*** Source data ***

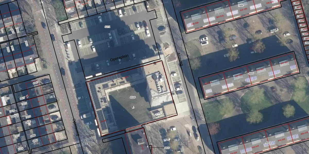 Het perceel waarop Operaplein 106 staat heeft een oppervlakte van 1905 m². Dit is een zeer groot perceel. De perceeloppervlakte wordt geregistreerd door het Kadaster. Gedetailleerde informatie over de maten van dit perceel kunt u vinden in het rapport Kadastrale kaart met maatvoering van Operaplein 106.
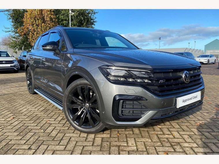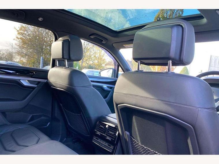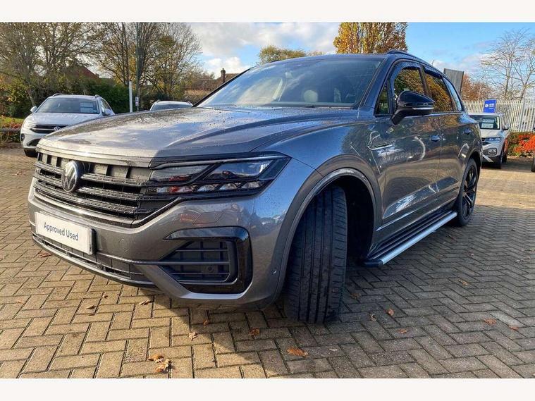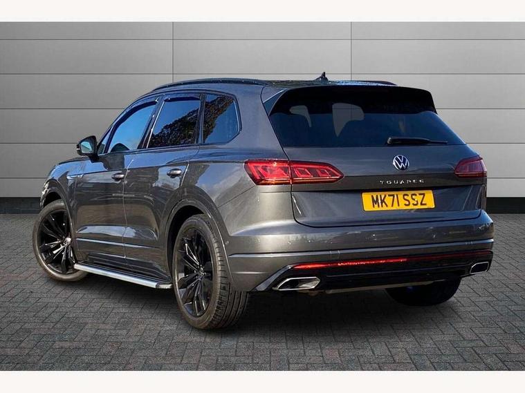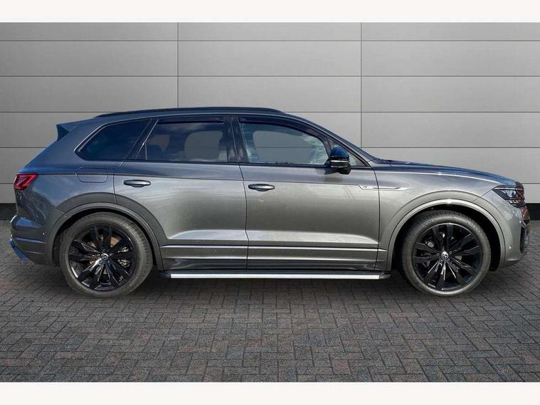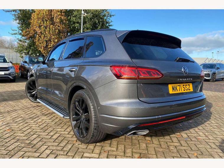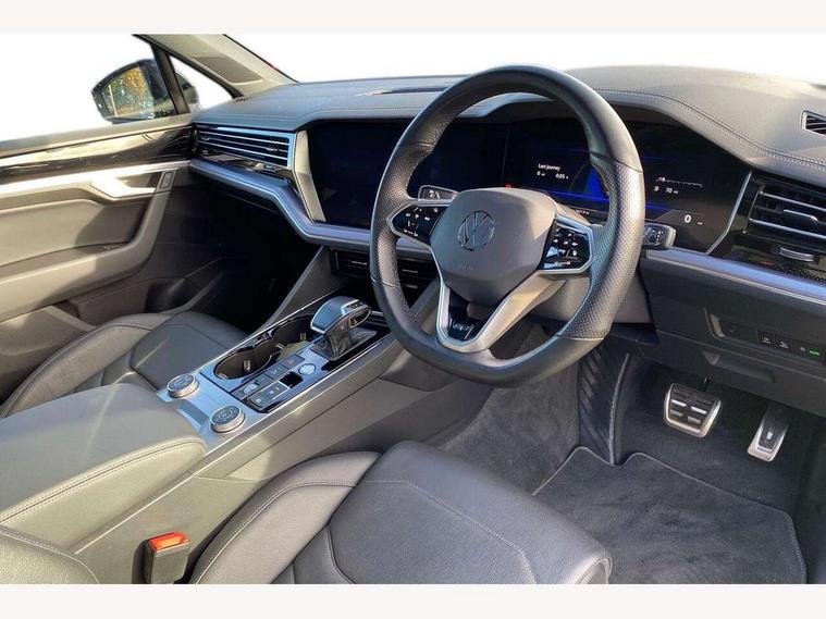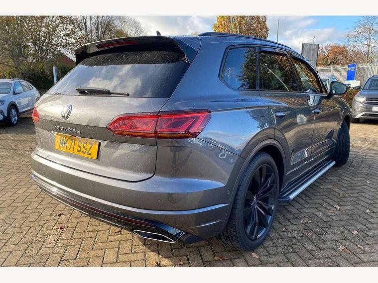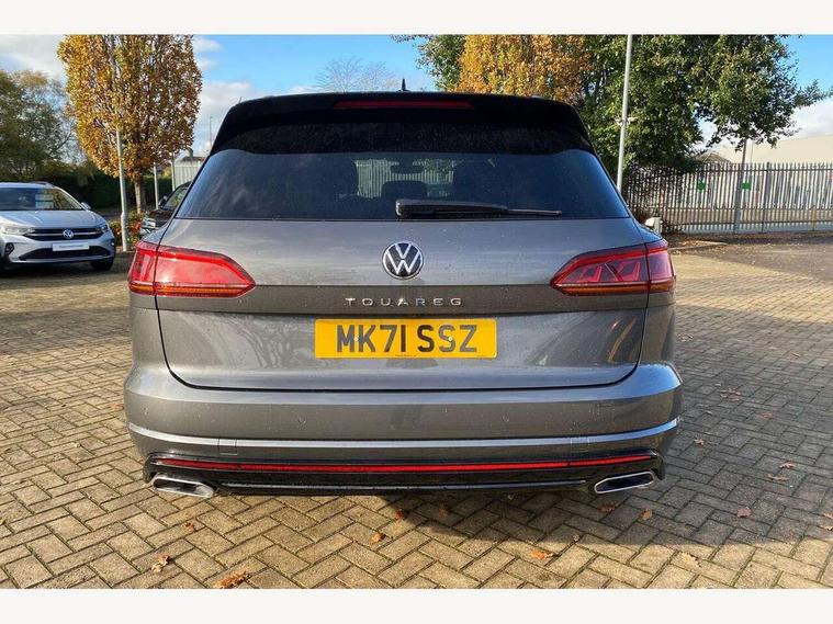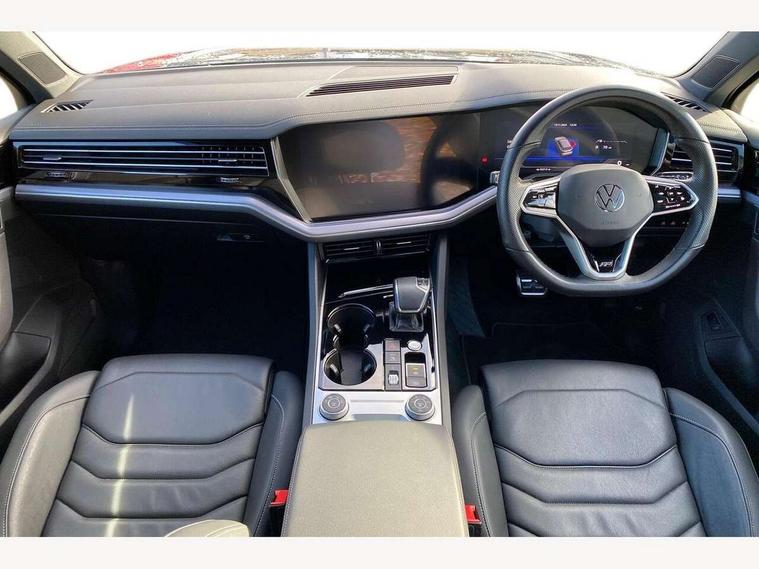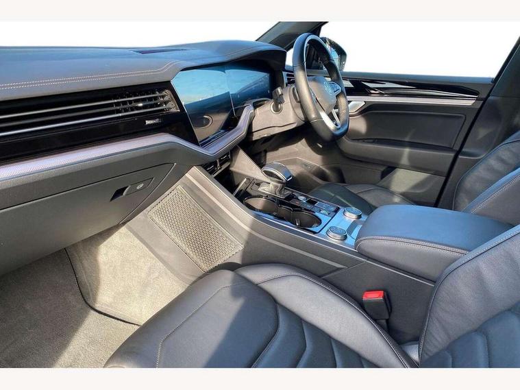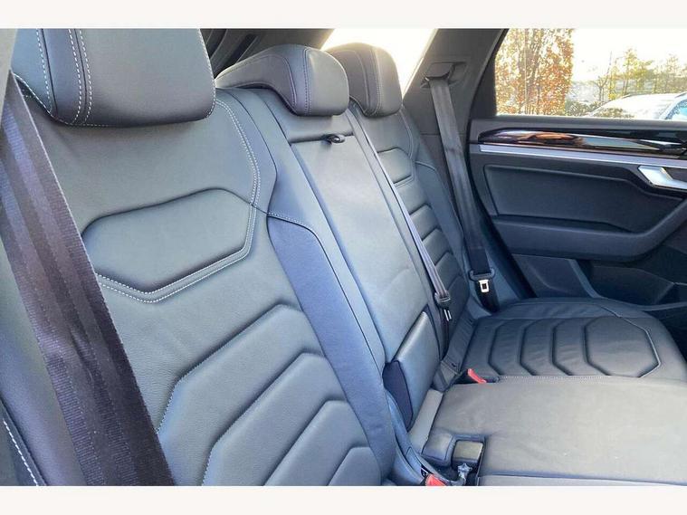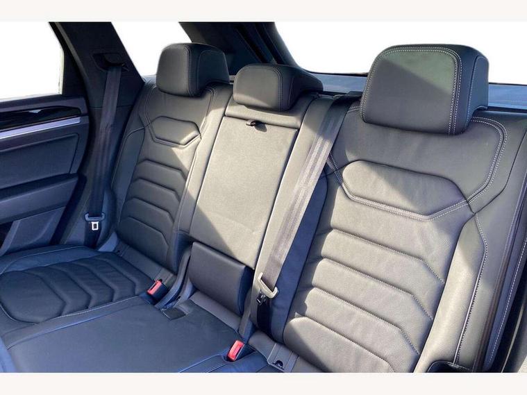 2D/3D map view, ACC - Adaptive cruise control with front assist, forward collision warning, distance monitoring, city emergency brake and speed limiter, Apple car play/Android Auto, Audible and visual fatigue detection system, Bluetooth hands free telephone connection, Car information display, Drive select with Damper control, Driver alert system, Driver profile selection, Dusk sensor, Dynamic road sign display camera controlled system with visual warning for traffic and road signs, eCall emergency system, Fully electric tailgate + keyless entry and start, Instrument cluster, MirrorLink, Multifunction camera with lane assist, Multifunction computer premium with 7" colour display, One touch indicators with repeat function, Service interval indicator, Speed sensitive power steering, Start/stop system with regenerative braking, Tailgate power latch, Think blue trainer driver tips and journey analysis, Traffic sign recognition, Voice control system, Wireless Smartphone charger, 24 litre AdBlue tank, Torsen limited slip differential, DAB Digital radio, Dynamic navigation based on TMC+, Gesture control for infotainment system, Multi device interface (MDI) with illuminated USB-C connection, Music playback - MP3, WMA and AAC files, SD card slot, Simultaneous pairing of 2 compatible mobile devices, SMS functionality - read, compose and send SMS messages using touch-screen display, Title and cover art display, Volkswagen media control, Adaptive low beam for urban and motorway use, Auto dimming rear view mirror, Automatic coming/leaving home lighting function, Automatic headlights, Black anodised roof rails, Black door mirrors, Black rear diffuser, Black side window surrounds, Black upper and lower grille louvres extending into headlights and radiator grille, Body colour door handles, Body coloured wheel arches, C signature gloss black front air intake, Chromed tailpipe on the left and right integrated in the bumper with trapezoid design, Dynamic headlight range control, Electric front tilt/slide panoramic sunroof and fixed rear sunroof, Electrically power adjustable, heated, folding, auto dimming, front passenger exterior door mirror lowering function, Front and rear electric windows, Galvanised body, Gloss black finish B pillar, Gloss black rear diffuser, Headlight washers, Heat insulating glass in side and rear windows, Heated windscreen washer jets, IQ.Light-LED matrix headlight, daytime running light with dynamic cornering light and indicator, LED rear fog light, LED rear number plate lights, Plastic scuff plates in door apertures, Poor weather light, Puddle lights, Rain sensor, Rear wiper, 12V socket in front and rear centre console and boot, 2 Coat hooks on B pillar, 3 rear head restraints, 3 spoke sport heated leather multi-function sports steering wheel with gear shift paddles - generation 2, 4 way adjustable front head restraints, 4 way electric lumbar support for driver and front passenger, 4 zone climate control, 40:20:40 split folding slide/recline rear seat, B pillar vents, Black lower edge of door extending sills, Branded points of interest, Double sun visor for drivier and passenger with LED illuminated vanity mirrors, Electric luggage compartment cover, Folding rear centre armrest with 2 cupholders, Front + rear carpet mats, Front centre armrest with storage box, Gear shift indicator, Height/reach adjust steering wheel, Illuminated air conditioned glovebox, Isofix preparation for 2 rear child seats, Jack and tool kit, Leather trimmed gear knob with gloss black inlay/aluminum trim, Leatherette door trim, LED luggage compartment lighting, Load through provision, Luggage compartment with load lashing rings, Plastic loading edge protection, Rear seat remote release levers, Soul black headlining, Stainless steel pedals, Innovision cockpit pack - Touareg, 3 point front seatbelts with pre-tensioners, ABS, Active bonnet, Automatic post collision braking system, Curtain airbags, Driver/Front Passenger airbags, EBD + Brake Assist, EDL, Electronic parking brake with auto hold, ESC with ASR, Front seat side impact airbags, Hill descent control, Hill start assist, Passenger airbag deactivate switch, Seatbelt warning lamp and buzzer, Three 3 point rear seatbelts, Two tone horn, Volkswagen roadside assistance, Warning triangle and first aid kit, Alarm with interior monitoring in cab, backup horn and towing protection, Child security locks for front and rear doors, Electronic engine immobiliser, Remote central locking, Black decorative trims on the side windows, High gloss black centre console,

*** End of Source data ***
*** Source data ***

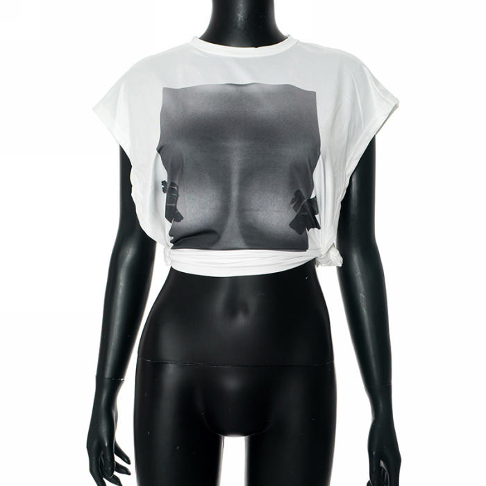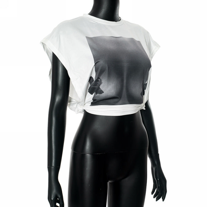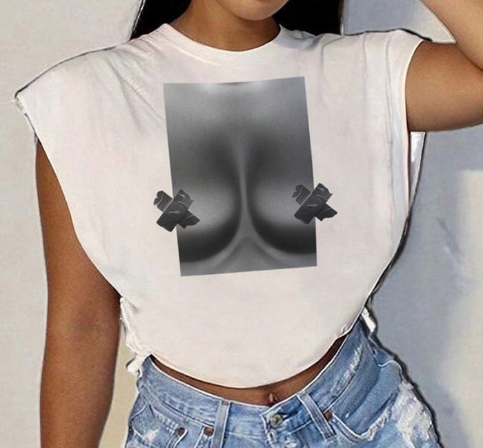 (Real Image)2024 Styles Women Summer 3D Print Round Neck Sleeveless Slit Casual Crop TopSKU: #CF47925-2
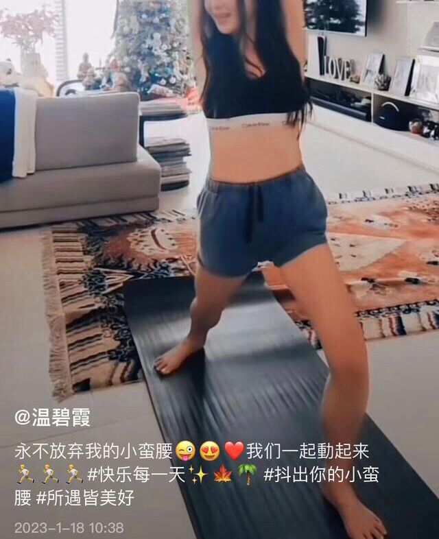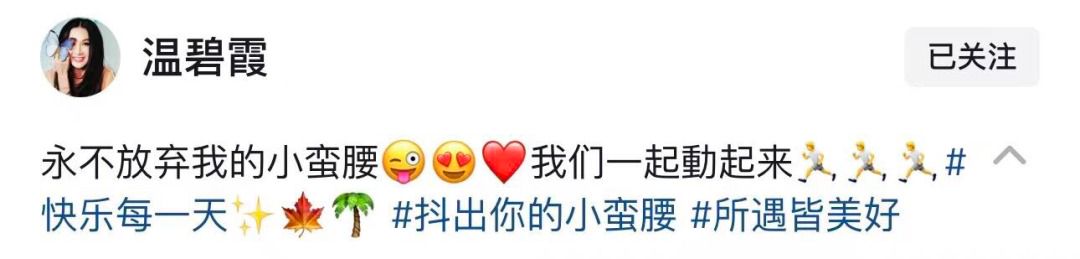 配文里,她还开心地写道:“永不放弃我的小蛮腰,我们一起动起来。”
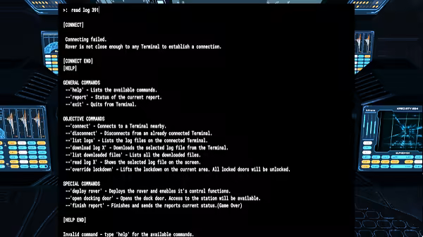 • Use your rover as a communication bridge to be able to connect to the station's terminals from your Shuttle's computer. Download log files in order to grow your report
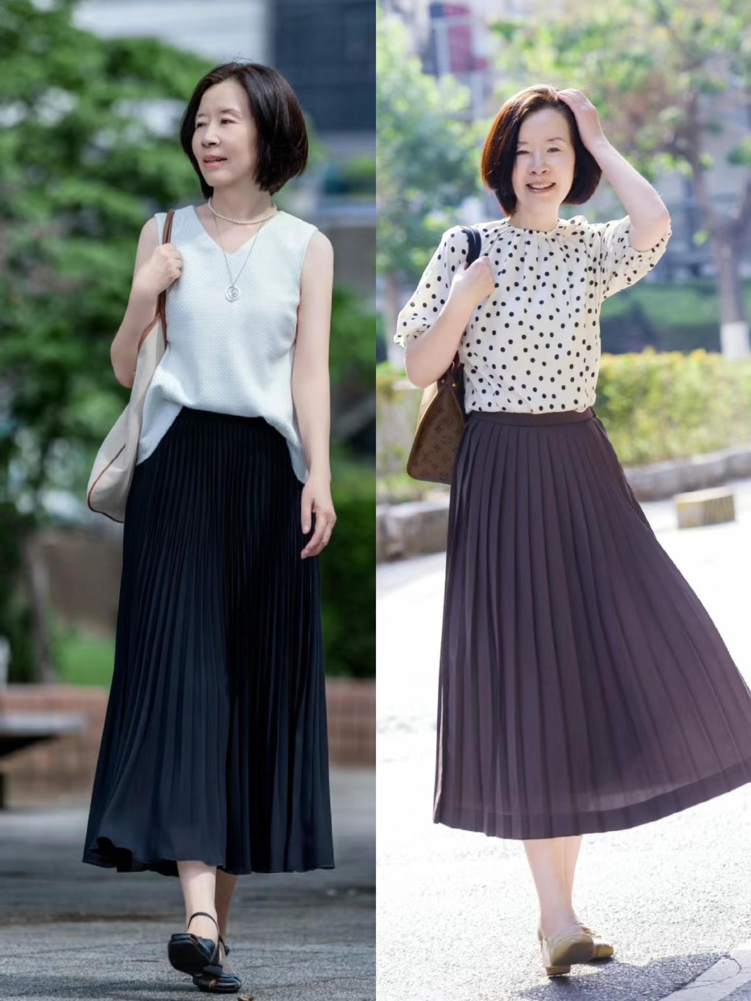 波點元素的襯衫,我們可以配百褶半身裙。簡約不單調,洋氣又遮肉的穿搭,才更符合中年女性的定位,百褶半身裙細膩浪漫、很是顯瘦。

*** End of Source data ***

> About this exercise:
Output exactly the lines of the listing above that start with the one holding "grow your report" and go on through the one holding "波點元素的襯衫,我們可以配百"; leave the pictures out.

> Answer space:
 • Use your rover as a communication bridge to be able to connect to the station's terminals from your Shuttle's computer. Download log files in order to grow your report
 波點元素的襯衫,我們可以配百褶半身裙。簡約不單調,洋氣又遮肉的穿搭,才更符合中年女性的定位,百褶半身裙細膩浪漫、很是顯瘦。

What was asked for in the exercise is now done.